Prints out a list of all the bloggers registered on the platform ordered by the number of posts they've made.
The query itself is an ORM hack that works. I don't know if it's good as a SQL query or not, but for checking up on the two users currently registered on commit--blog it's just fine. Here is the SQL it generates
SELECT blogger.id AS blogger_id, blogger.gh_id AS blogger_gh_id, blogger.username AS blogger_username, blogger.name AS blogger_name, blogger.avatar_url AS blogger_avatar_url, blogger.access_token AS blogger_access_token FROM blogger ORDER BY (SELECT count(blogger.id = commit_post.blogger_id) AS count_1 FROM commit_post)
ORDER BY (SELECT count... makes me nervous; it seems like it's doing a lot of work. Then again the python code felt like it would be a lot of work too:
bloggers = Blogger.query \ .order_by(db.session.query( func.count(Blogger.commit_posts)))

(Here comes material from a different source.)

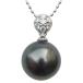 ネックレスペンダント 黒真珠パール pt900 プラチナ ネックレス ダイヤモンド ジュエリー<br>神秘的なグリーンカラーのタヒチ黒蝶真珠深い輝きを持ち、<br>劣化しにくいのが特徴です。本商品は、ほぼ真円に近い<br>セミラウンドで、身につけやすい10mm珠を使用しています。<br>ダイヤモンド7石が、きらきら輝き胸元を美しく演出してくれ<...

I'd like to spend some more time learning and writing SQL queries. Not that I ever work with enough data for my fumbling ORM hacks to matter, but I'd like to have a more clear picture of what is going on. Maybe some day I'll have enough data to play with for it to matter.
My impression of
SQLAlchemy is that, given knowledge of how to write good queries, it makes expressing them pythonic and doesn't get in your way. Not that I have experience to know, but for now that's why I'm still using it, given how easy it makes getting data in and out.